Hi all, new to the forum...

After noticing the other thread on top tube height with respect to frame size etc. I did not want to stir the pot here, but I wonder about this issue as well.

I am in the market for a new bike (dual sport) having been out of biking in any meaningful way for about 30 years (age 53). At about 5'5" my choices in frame size are limited. I'm looking at a Marin San Rafael with either a 15" or 17" frame. At 17" when I flatfoot both sides the top tube is "right there" but when on the bike riding, it does not feel too big at all. The 15" give me extra top tube clearance but requires that I extend the seat tube quite bit and just seems small.

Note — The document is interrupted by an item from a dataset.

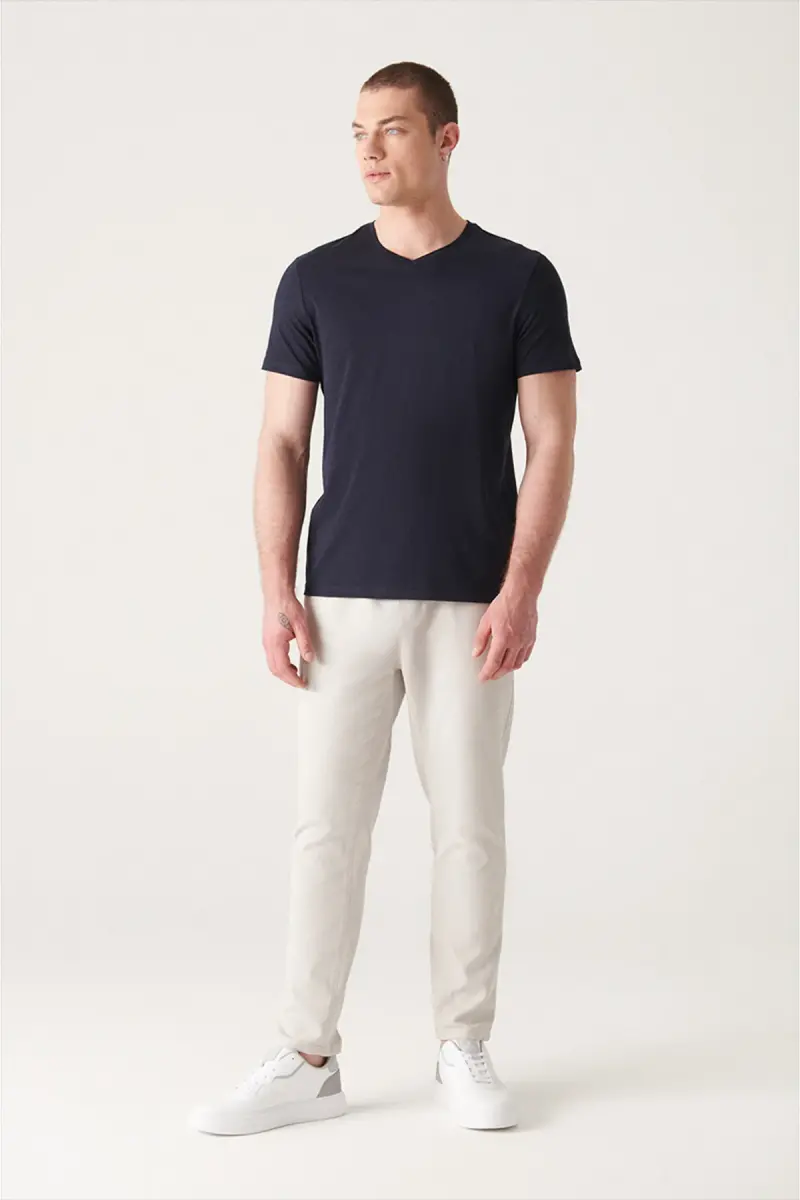erkaklar uchun futbolka, ko'k rangli futbolka, paxta futbolka, V shaklidagi yoqa futbolka, oddiy kesimli futbolka, erkaklar kiyimlari, futbolka modellari, E001001

The "top tube" rule of thumb would suggest I go for the smaller frame and one of the key points of rationale, if I understand it correctly, is that when stopping, or in a panic stop, you would stradle the top tube and would need that extra clearance.

I'm just wondering, when stopping do you folks generally straddle the top tube and put both feet on the ground in most cases? I know when I used to bike I would typically leave one foot on a pedal, stay in the saddle, and balance with my other foot on the ground. This avoids the top tube clearance issue. Also, in a panic am I likely to hop off the saddle and stradle the top tube? Again, this would not seem to be a natural reaction for me.

Would appreciate your views.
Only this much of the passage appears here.